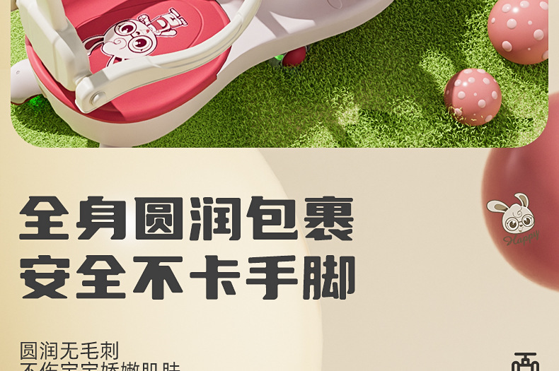 eh-bunny style rose pink [bluetooth version] backrest + guardrail + push handle
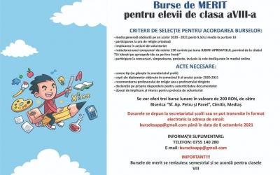 Se depun dosarele pentru opt burse de merit oferite de o biserică elevilor de liceu și clasa a VIII-a din Mediaș
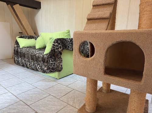 Wir haben zwei klar getrennte Bereiche für Hunde und Katzen. So entsteht eine ruhige Umgebung, die den Bedürfnissen beider Tiere gerecht wird, ohne sich gegenseitig zu stören.
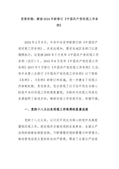 【七哥公文】2024年:党课讲稿:解读2024年新修订《中国共产党巡视工作条例》+更多免费公文+VX:QiGeGongWen2024
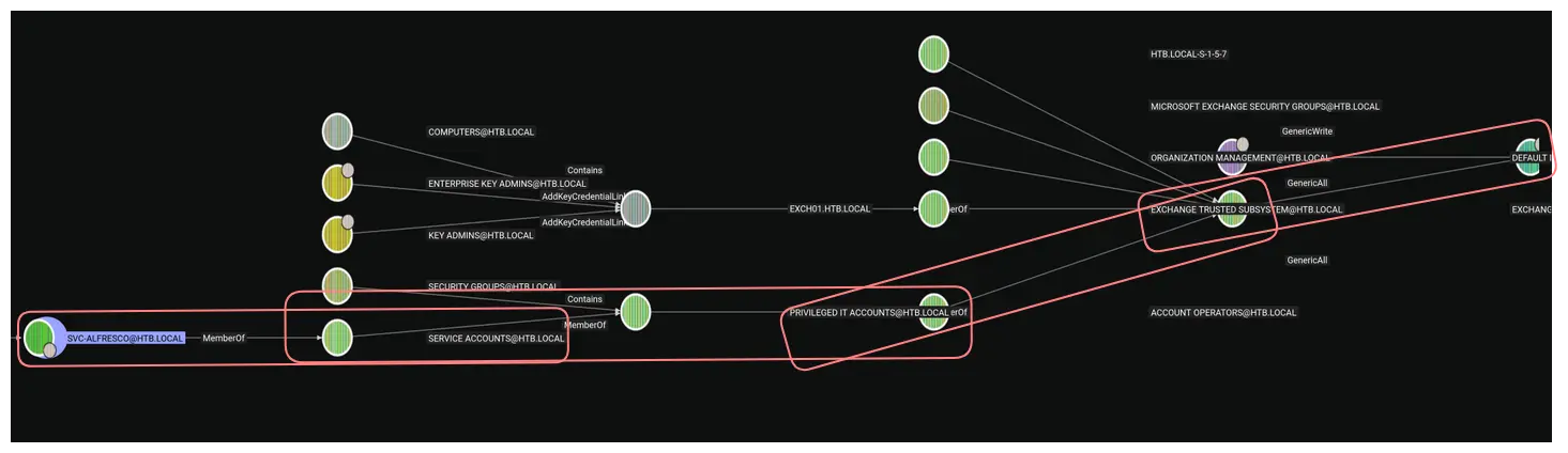 SVC-Alfresco (User) → Service Accounts (Group) → Privileged IT Accounts (Group) → Account Operators (Group) → Exchange Windows Permissions (Group) → HTB.local (Domain)
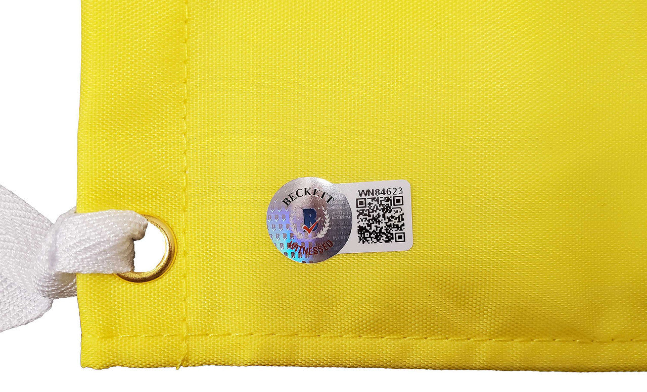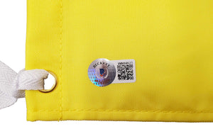 This is a Yellow 2021 Masters Pin Flag that has been hand signed by Hideki Matsuyama. The size of this golf flag is approximately 13.5x17.5.?áThis item has been certified authentic by Beckett Authentication (BAS) and comes with their tamper-proof QR Code sticker that can be verified on the Beckett-authentication.com.
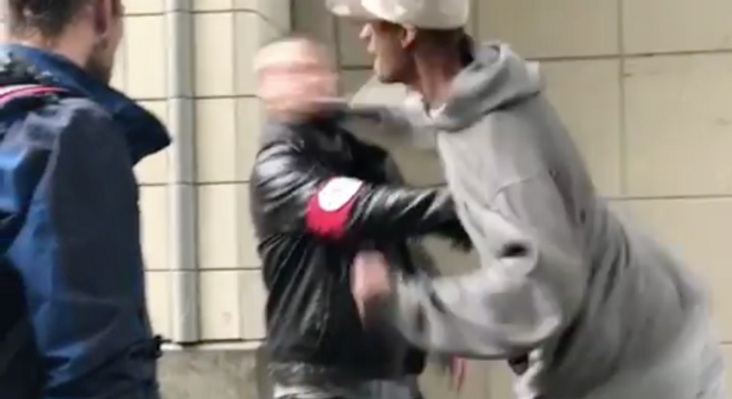 Seattle police said that they were responding to a viral video of a man wearing a swastika armband getting punched in the street. The Seattle Police Department said that they responded within five minutes to the scene, where they found the swastika-wearing man on the ground. The victim “declined to provide info about incident &…
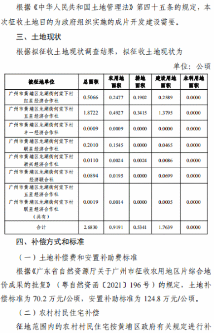 (一)土地補償費和安置補助費標準。根據《廣東省自然資源廳關於廣州市征收農用地區片綜合地價成果的批複》(粵自然資函〔2021〕196號)的規定,土地補償標準為70.2萬元/公頃,安置補助標準為124.8萬元/公頃。

* * * *

Render all entries verbatim, excluding any pictures they hold.

 eh-bunny style rose pink [bluetooth version] backrest + guardrail + push handle
 Se depun dosarele pentru opt burse de merit oferite de o biserică elevilor de liceu și clasa a VIII-a din Mediaș
 Wir haben zwei klar getrennte Bereiche für Hunde und Katzen. So entsteht eine ruhige Umgebung, die den Bedürfnissen beider Tiere gerecht wird, ohne sich gegenseitig zu stören.
 【七哥公文】2024年:党课讲稿:解读2024年新修订《中国共产党巡视工作条例》+更多免费公文+VX:QiGeGongWen2024
 SVC-Alfresco (User) → Service Accounts (Group) → Privileged IT Accounts (Group) → Account Operators (Group) → Exchange Windows Permissions (Group) → HTB.local (Domain)
 This is a Yellow 2021 Masters Pin Flag that has been hand signed by Hideki Matsuyama. The size of this golf flag is approximately 13.5x17.5.?áThis item has been certified authentic by Beckett Authentication (BAS) and comes with their tamper-proof QR Code sticker that can be verified on the Beckett-authentication.com.
 Seattle police said that they were responding to a viral video of a man wearing a swastika armband getting punched in the street. The Seattle Police Department said that they responded within five minutes to the scene, where they found the swastika-wearing man on the ground. The victim “declined to provide info about incident &…
 (一)土地補償費和安置補助費標準。根據《廣東省自然資源廳關於廣州市征收農用地區片綜合地價成果的批複》(粵自然資函〔2021〕196號)的規定,土地補償標準為70.2萬元/公頃,安置補助標準為124.8萬元/公頃。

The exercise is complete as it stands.